By the way, welcome to the site!


----------



## tlspiegel (Jan 22, 2006)

Jack, my poodle, is a huge moaner when finding a comfy spot to lay down in the bed next to me at night. Whining/moan thing. He's doing it more as he ages but he's as healthy as can be. I think sometimes dogs like the sound of their own voice.


----------



## Sam85 (Jan 5, 2006)

mylo does loud sighs wen he snuggles up to sleep he breaths right in and then does a massive sign and on ocassion a moan cums out too. i dnt think its anything to worry about, if she is fine and eating etc like always!


----------



## trixiesmom (Jan 31, 2006)

I wouldn't worry about it. I think your wife is right. Trixie does it to get my attention when she wants something. I think your Boppy is just happy and contented and when she is tired maybe she is asking for belly rubs. These little ones are such babies, aahh maybe it's because we spoil them.


----------



## Alisha (Mar 11, 2005)

Poco makes some really weird sounds just breathing because he has the short snout he can't help it. Bella cries somehimes teeny little cries when I move her or pick her up. I wouldn't worry much just have the vet look at her to make sure nothing is hurting her just next time she goes in.


----------



## MrsChi (Nov 20, 2006)

I think I know what you mean, and if I'm right our border collies do it all the time. It's kind of moaning because I'm comfortable moaning!

Lewie grunts when I move him if he's tired! It's like ugh why are you moving me?! It makes me laugh.

:Edited typos:


----------



## canadiandawn (Jan 11, 2006)

MrsChi said:


> Lewie grunts when I move him if he's tired! It's like ugh why are you moving me?! It makes me laugh.
> 
> :Edited typos:


That's what Shiver does too.


----------



## toby'smom (Jun 11, 2006)

Toby does this all the time. We actually think it is funny because when he lays down he will let out this big sigh like he has just had the toughest day ever. He will be two in April.
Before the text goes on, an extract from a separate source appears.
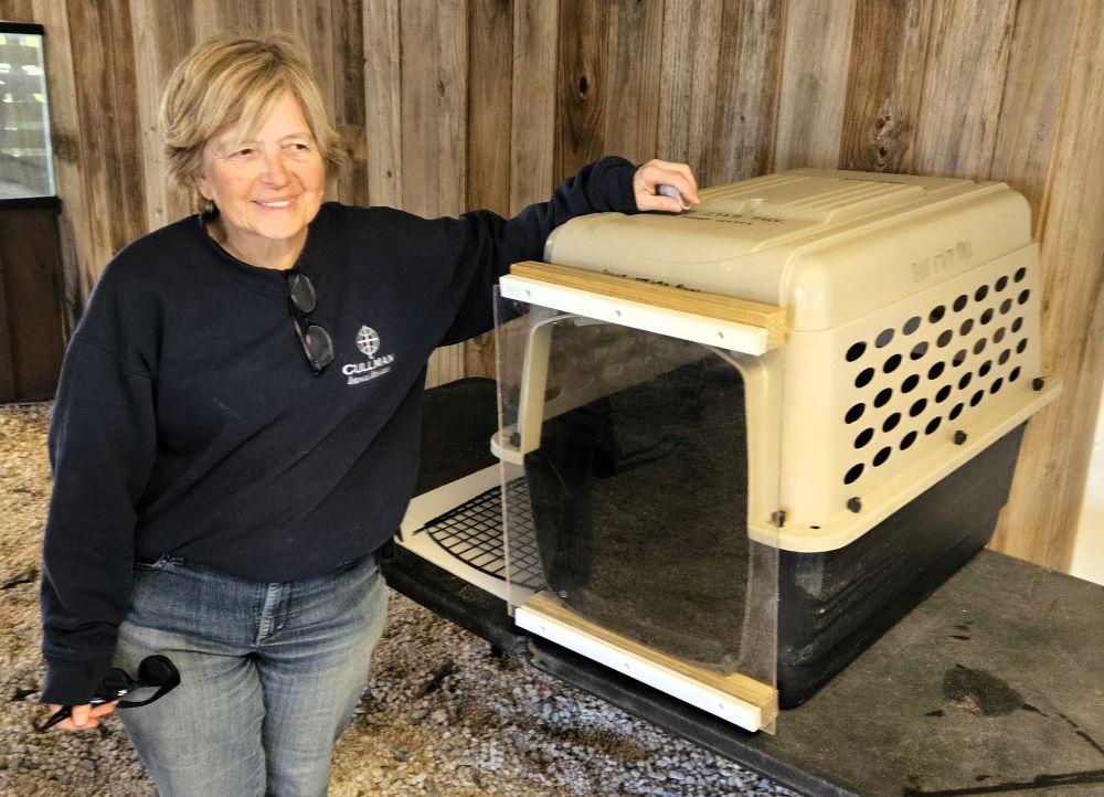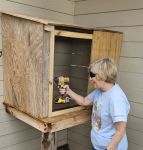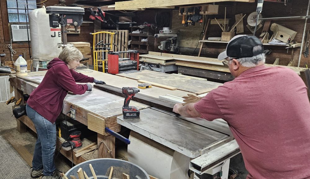 Anne and Ron in the workshop cutting lumber for the enclosure

I don't think I would worry to much about it.


----------



## Sam85 (Jan 5, 2006)

mylo grunts and moans wen i say walkies but im not even ready to go out hes like "hurry up mom" and wen i dnt pay him attention eg: straightnening my hair or doin my makeup he make an annoyed grunt like "for god sake mom, smooth me" lol it is funny and you have to laugh at them!!


----------



## tlspiegel (Jan 22, 2006)

toby'smom said:


> We actually think it is funny because when he lays down he will let out this big sigh like he has just had the toughest day ever.


I know just what you mean. Prince does that and it still makes me laugh. So funny.


----------



## Kristi Ashton (Mar 27, 2006)

Our little Gus has always done this. After walking in his little circles and then lying down he gives his "heavy nasal sigh." Kind of his way of letting us know that he's nice and comfy . . . or just really bored w/ us.


----------